Cleaning and Organizing with Allergies

By Heather Legg

Spring has kind of com and gone around here, but that doesn’t mean that I get to stop my spring cleaning; it’s clear my house can use it! But I’ve also noticed some allergy issues, especially when getting in the dusty areas. It’s also interesting who it effects – me, who claims to be the most allergy free one in my family, and my older daughter, who definitely has a slew of allergies.

I remember it happening to me as a kid, and it happens to her now, when she has to clean something like her closet, or under the bed. We try to keep out house fairly dust free, but we all know that can be difficult, especially in a preteen girl’s room who is a collector at that. So I need to figure out a balance of how to not let her get out of cleaning, but not induce fits of sneezing either.

Of course, I know the best answer, PREVENT the accumulation of dust. I do notice certain times of the year are dustier than others, and right now our dog is really shedding so that contributes, too. We just got the dog groomed, so that helps, and rooms do continually get dusted. It’s more of the cluttery areas, like her closet or book shelf that causes trouble.

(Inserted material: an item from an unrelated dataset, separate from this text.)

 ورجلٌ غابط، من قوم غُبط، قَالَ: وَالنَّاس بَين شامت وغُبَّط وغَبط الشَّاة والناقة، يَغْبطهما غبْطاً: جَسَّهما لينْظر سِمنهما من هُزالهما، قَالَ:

When we tackle those big areas, I think I need to remember to maybe give her a Benadryl beforehand instead of waiting for possible sneezing to set in. I also try to tell her that the less things are strewn around, the less dust can accumulate. She really is a neat child, but her closet….

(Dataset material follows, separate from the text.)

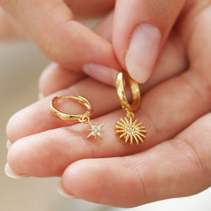 Sun + Star Charm Hoop Earrings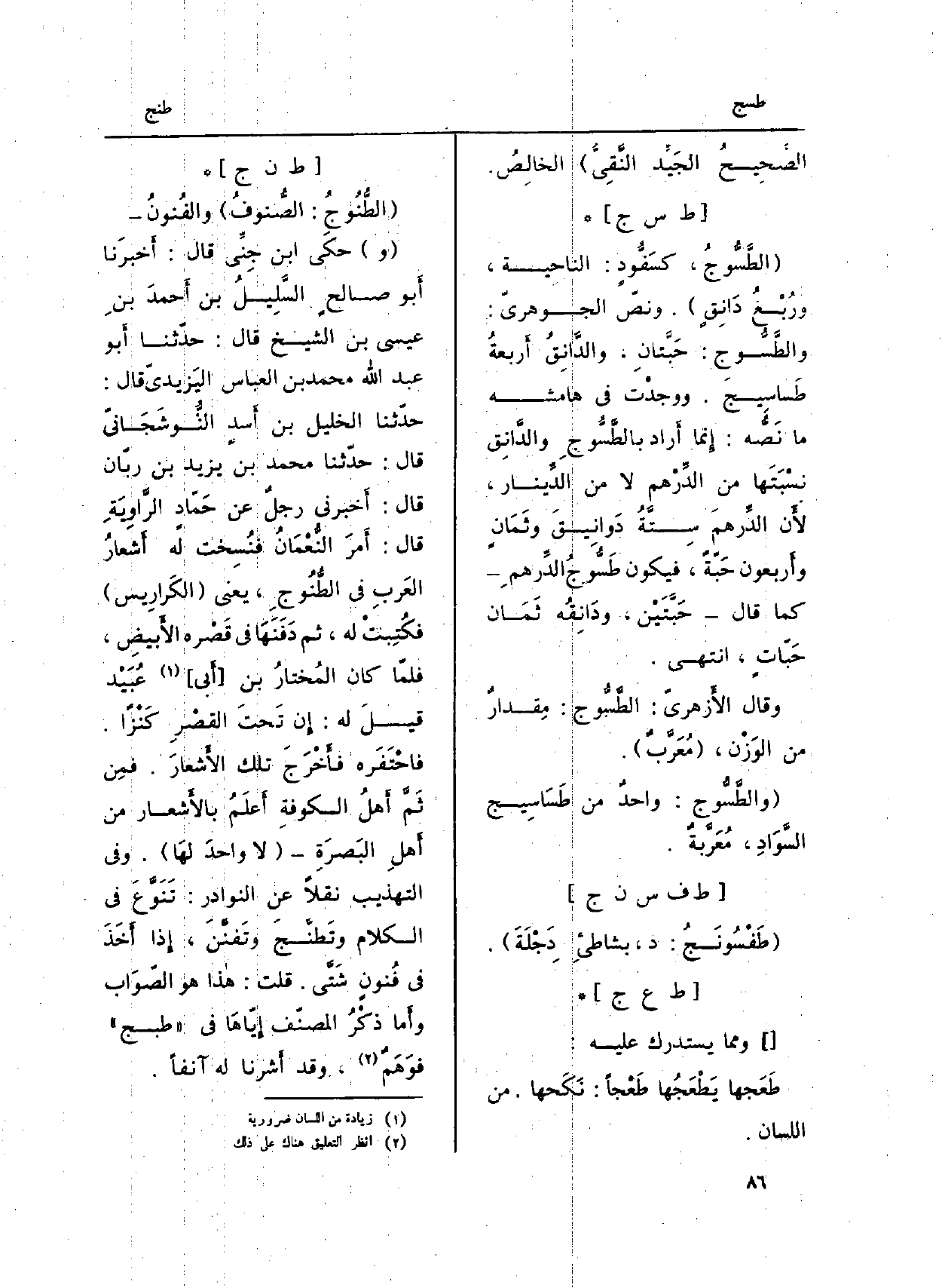 (و) حكَى ابْن جِنِّي قَالَ: أَخبرَنا أَبو صالحٍ السَّلِيلُ بن أَحمدَ بنِ عِيسَى بن الشَّيْخ قَالَ: حَدثنَا أَبو عبد الله مُحَمَّد بن الْعَبَّاس اليَزيديّ قَالَ: حَدثنَا الْخَلِيل بن أَسدٍ النُّوشَجَانيّ قَالَ: حَدثنَا مُحَمَّد بن يزِيد بن ربّان قَالَ: أَخبرني رجلٌ عَن حَمّادٍ الرَّاوِيَةِ قَالَ: أَمرَ النُّعْمَانُ فنُسِخت لَهُ أَشعارُ العَربِ فِي الطُّنُوجِ، يَعْنِي (الكَرارِيس) فكُتِبتْ لَهُ، ثمَّ دَفَنَهَا فِي قَصْره الأَبيضِ، فلمّا كَانَ المُختارُ بن (أَبي) عُبَيْد قيلَ لَهُ: إِن تَحتَ القصْرِ كَنْزاً. فاحْتَفَره فأَخْرَجَ تِلْكَ الأَشعارَ. فمِن ثَمَّ أَهلُ الكوفةِ أَعلَمُ بالأَشعار من أَهلِ البَصرَةِ (لَا واحدَ لهَا) . وَفِي (التَّهْذِيب) نقلا عَن النَّوَادِر: تَنَوَّعَ فِي الْكَلَام وتَطنَّجَ وتَفنَّنَ، إِذا أَخَذَ فِي فُنونٍ شَتَّى. قلت: هاذا هُوَ الصّوَاب وأَما ذكُرْ المصنْف إِيّاهَا فِي (طبج) فوَهَمٌ، وَقد أَشرنا لَهُ آنِفا.

We’re pretty good about packing things up in covered boxes, too, as I know dust can settle in open containers. She just “graduated” 5th grade and wanted a special box to keep some special projects from throughout the year. She kept eyeing the open, pretty containers of fabric or wicker, but I had to keep steering her back to the closed plastic containers, explaining how the open ones will just collect dust (think magazine holders). We finally found a pretty, plastic polka dot box with a tight fitting lid that fits everything just right. It beats everything sitting on her dresser or a pile on  her floor, now we just have to find a home for the box!

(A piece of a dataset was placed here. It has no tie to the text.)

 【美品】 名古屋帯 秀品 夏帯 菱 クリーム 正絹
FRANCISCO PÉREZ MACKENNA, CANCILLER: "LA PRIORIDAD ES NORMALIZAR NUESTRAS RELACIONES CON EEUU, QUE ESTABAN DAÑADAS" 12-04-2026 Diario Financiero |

That’s the other thing that works, is to keep things in closed containers. Whether they are swim team ribbons or projects from school, it helps to keep a lid on the stuff. And watch out for older things, too, that could have collected dust, even mold, through the years. She is reading some of my books from when I was a kid, and I had a worry that they may be dusty or cause her a reaction. So far, so good, but when she played an old Monopoly game, that was another story. The game ended before it’s time with too much sneezing and itchy eyes.

Collecting is okay, but know when to toss it and replace it, too!